[Extracted data entries]
[Start of Attachment]

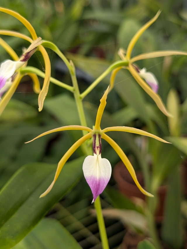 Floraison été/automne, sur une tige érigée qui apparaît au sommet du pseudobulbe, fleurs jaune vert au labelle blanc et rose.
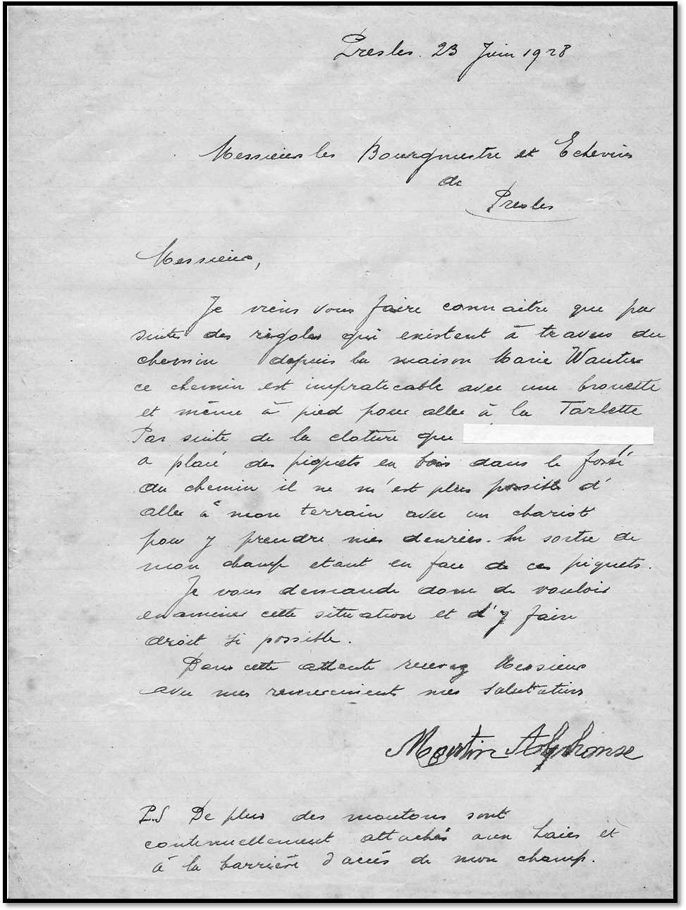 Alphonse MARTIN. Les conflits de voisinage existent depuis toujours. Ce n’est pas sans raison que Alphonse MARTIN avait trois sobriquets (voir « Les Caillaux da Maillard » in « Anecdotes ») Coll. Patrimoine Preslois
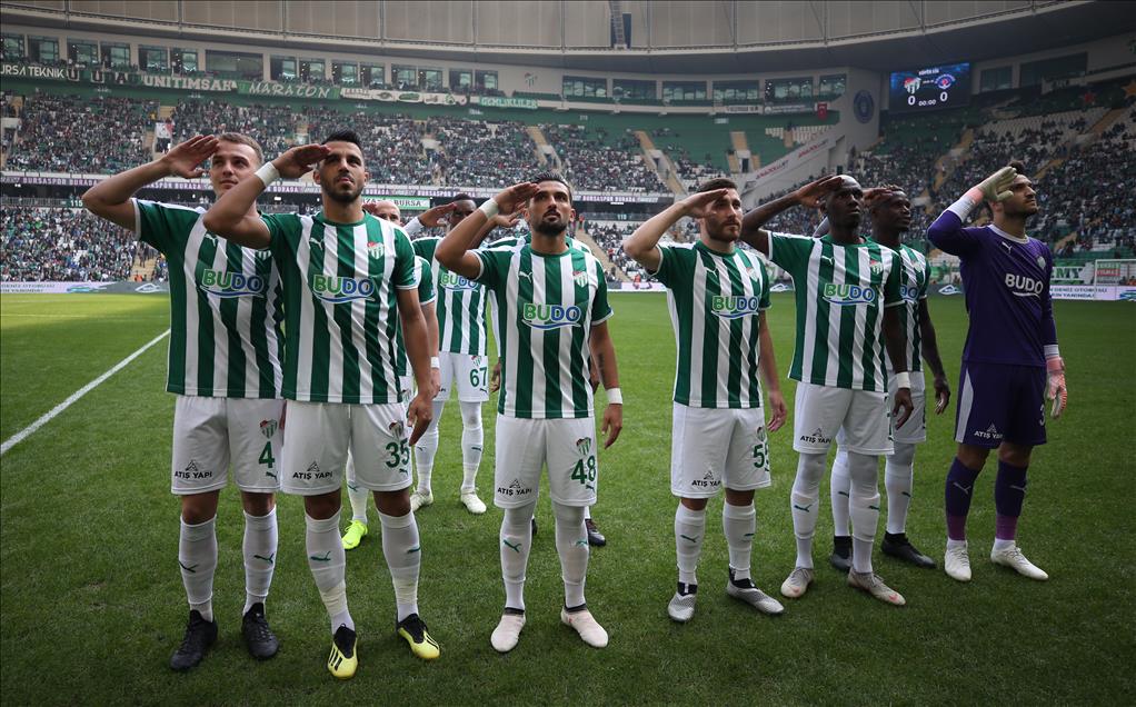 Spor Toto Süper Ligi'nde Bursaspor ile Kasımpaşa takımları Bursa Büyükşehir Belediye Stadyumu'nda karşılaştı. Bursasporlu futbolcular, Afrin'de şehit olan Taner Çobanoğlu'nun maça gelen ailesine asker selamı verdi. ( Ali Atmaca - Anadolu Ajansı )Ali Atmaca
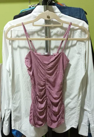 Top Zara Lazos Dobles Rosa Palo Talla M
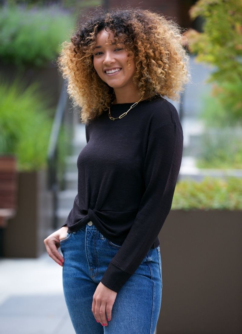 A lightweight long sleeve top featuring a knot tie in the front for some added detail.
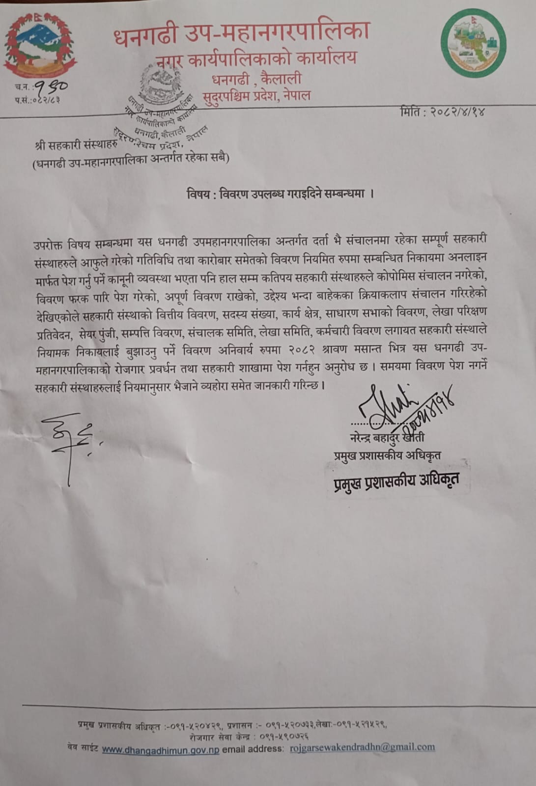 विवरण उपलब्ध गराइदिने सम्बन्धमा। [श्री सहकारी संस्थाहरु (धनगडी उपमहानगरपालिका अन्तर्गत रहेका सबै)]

[End of Attachment]

Action item: When you reach the line containing "Spor Toto Süper" in the entries above, please retype it and each line after it through the last one, exactly, without the pictures.

The completed task:
 Spor Toto Süper Ligi'nde Bursaspor ile Kasımpaşa takımları Bursa Büyükşehir Belediye Stadyumu'nda karşılaştı. Bursasporlu futbolcular, Afrin'de şehit olan Taner Çobanoğlu'nun maça gelen ailesine asker selamı verdi. ( Ali Atmaca - Anadolu Ajansı )Ali Atmaca
 Top Zara Lazos Dobles Rosa Palo Talla M
 A lightweight long sleeve top featuring a knot tie in the front for some added detail.
 विवरण उपलब्ध गराइदिने सम्बन्धमा। [श्री सहकारी संस्थाहरु (धनगडी उपमहानगरपालिका अन्तर्गत रहेका सबै)]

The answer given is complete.